# Info on HCl/Cl leach recovery



## chemgal68 (Sep 29, 2012)

We are leaching ore with HCl/Cl with fairly good results. Now we need to recovery the dissolved metal. We are currently using resin beads. Just wondering if anyone has any experience to add. We are planning on rinsing loaded beads with borohydride to change PGM's to neutral state while still on the beads and then doing a dilute acid rinse to remove any excess base metals that might be still there. The initial process will be to them fume the beads off to recover the PGM metal powder. Question - can this powder be processed directly by a refiner at this point and if not, why not and what might be the next step?


----------



## steyr223 (Sep 30, 2012)

Have you hade an assay done
What other Pgm's or base metals
are you getting from your ore

I'm new. And unfamiliar with your process
but I believe these and many other questions
will need be answered before any one can help

Steyr223. Rob


----------



## butcher (Sep 30, 2012)

Have you tested the leach for dissolved values, if not how do you know what is in the leach, and what is left behind.

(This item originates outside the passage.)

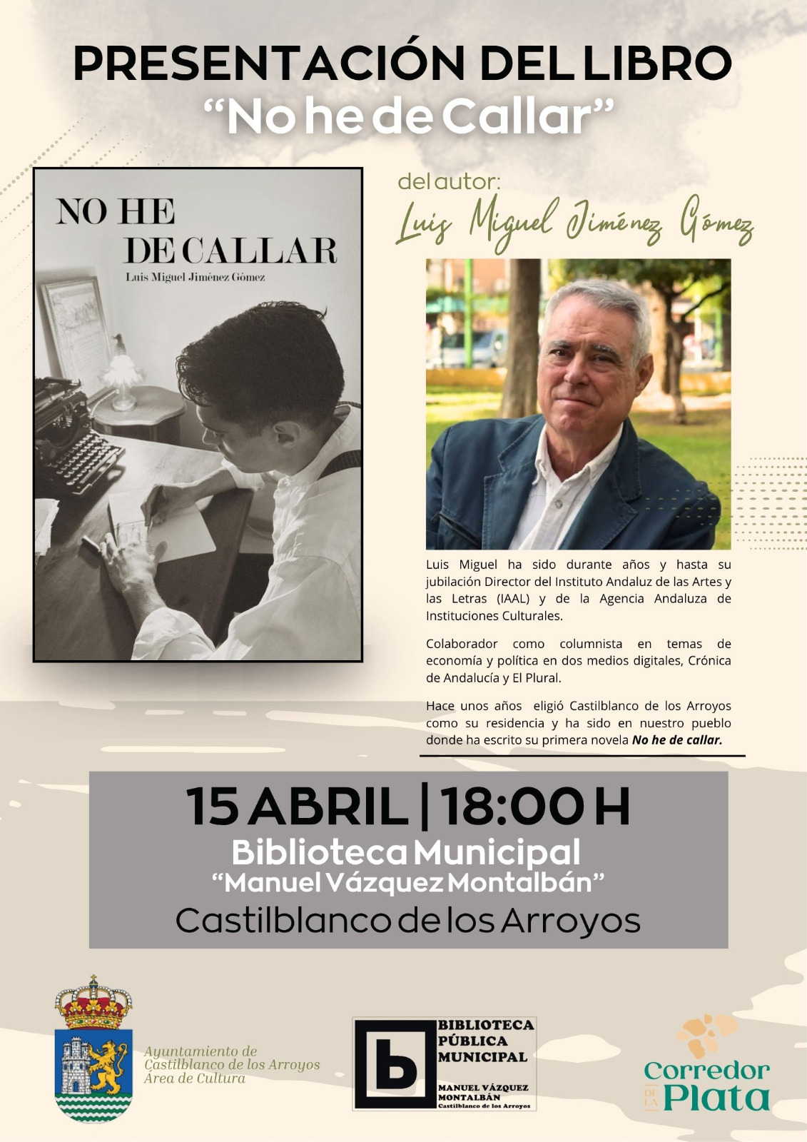 Abril es el mes de la lectura en Castilblanco y, como parte de la programación cultural de la Biblioteca Municipal Manuel Vázquez Montalbán, la Concejalía de Cultura ha organizado la presentación del libro “No he de callar”, del autor y vecino del pueblo, Luis Miguel Jiménez Gómez.

After testing your leach solution if it did have values, I would consider cementing the values from solution using a metal like copper, if all you have leached are the base metals in the ore, I would look more into the material that was leached for where the values are, as with ore usually you will leach base metals and leave the values behind, testing the solution will tell you where the values are and if they are going into solution or not.

If oxidizers or chlorine is still in solution these will need removed before being able to test solution for values.


----------



## chemgal68 (Sep 30, 2012)

Okay, I have a laboratory and we have verified values on not only the head ore, but also the leachates and the tailings left behind after the leaching process is finished. We know we have around 25 ppm Au, 55-70 ppm Pt and 50-70 ppm Pd. There are also smaller values of Rh present and minimal amount of Ag. We are not really interested in recoverying the Rh and Ag at this point and are mainly focusing on the Au and Pt (assuming that the Pd will most likely precip out with the Pt). One of the reasons we started working with the resin beads is they are purported to be selective for PGM metals only and the base metals will not attach. The base metals we know we have are Fe, Mn and small amounts of Ni. I would assume there may also be small amounts of As and Se in these ores based upon their origin and other geology present in the same area. 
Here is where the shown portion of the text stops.